#### Instructions to follow:
Every line in the records below between the one holding "A-PDF Restrictions Remover" and the one holding "Make a bold", inclusive, is to be set down exactly; all other lines are to be left out.

#### Exercise input:
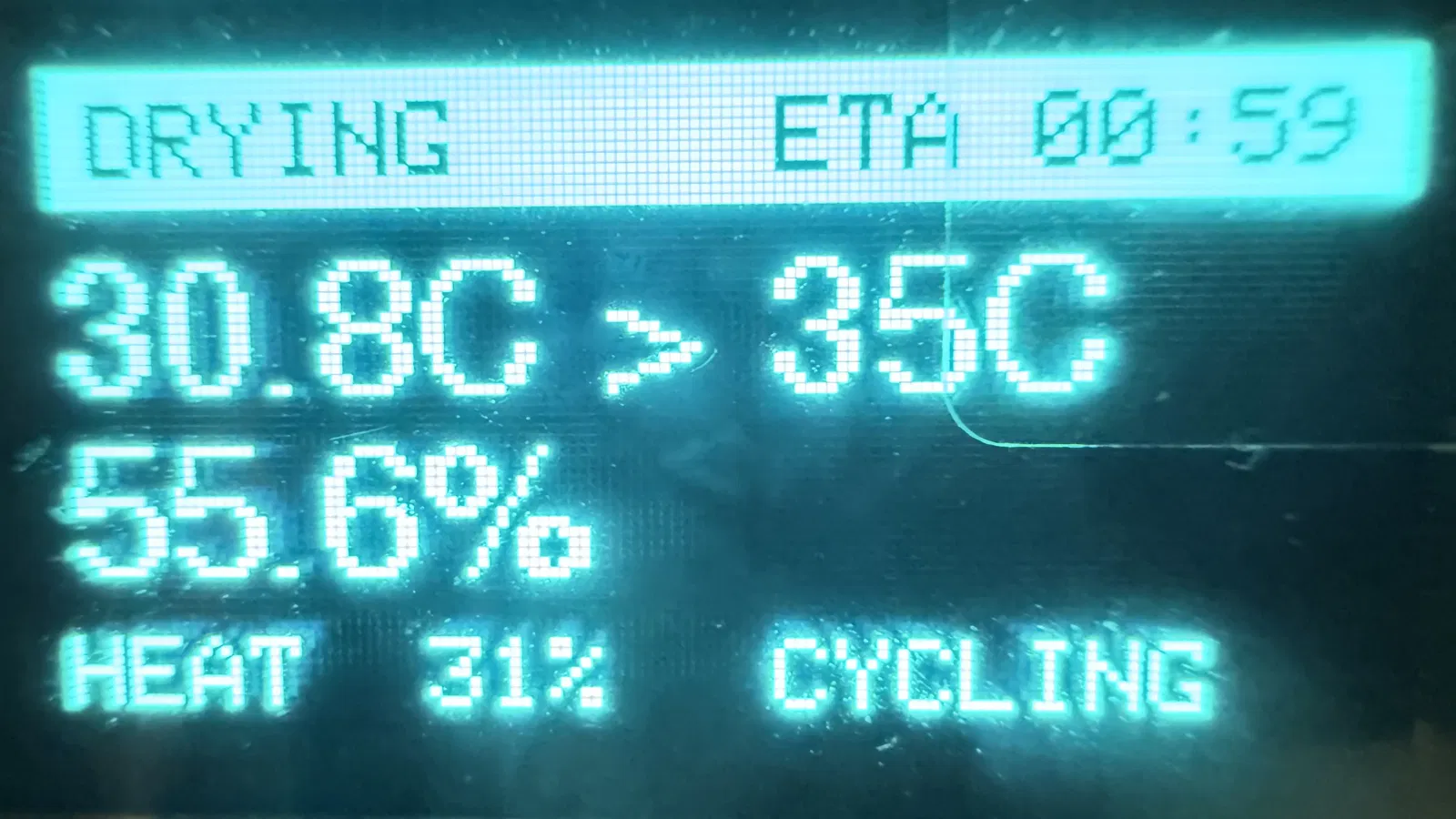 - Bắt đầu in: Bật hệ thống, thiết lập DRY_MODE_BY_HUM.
* * *
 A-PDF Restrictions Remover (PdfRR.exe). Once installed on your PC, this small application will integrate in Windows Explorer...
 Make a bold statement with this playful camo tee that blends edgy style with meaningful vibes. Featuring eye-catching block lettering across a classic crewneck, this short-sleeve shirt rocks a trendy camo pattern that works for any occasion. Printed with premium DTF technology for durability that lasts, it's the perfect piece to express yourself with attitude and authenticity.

#### Output of the task:
 A-PDF Restrictions Remover (PdfRR.exe). Once installed on your PC, this small application will integrate in Windows Explorer...
 Make a bold statement with this playful camo tee that blends edgy style with meaningful vibes. Featuring eye-catching block lettering across a classic crewneck, this short-sleeve shirt rocks a trendy camo pattern that works for any occasion. Printed with premium DTF technology for durability that lasts, it's the perfect piece to express yourself with attitude and authenticity.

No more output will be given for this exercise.